◆ Directions for this task
Nothing outside the range is to be copied. From the entries below, reproduce exactly the lines starting at the one with "小野瀬 楼玲七さんを姓名の画数から五運を鑑定" and ending at the one with "4.如图所示,在进入这个英雄", without pictures.

◆ Given records
^^^^^^^^

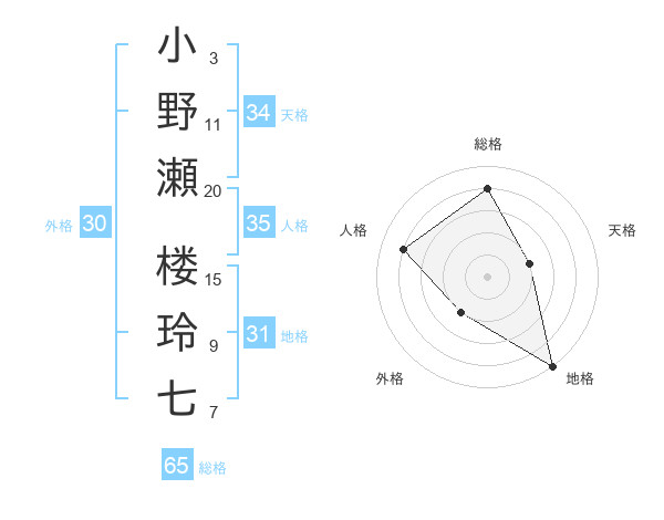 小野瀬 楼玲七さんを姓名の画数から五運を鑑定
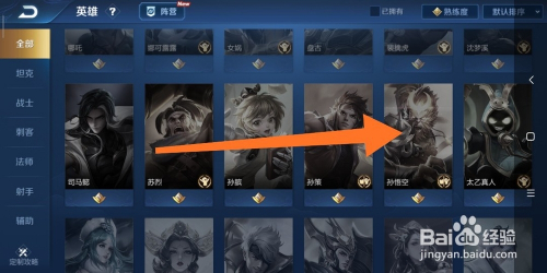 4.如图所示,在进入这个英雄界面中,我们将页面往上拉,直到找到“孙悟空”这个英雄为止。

^^^^^^^^

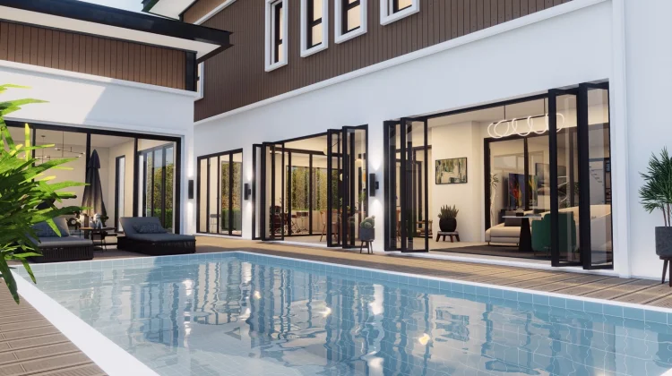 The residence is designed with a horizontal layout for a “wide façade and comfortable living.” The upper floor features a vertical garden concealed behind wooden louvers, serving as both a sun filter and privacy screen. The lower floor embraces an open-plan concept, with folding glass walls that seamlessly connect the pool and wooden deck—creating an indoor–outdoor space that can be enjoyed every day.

^^^^^^^^

◆ Solution
 小野瀬 楼玲七さんを姓名の画数から五運を鑑定
 4.如图所示,在进入这个英雄界面中,我们将页面往上拉,直到找到“孙悟空”这个英雄为止。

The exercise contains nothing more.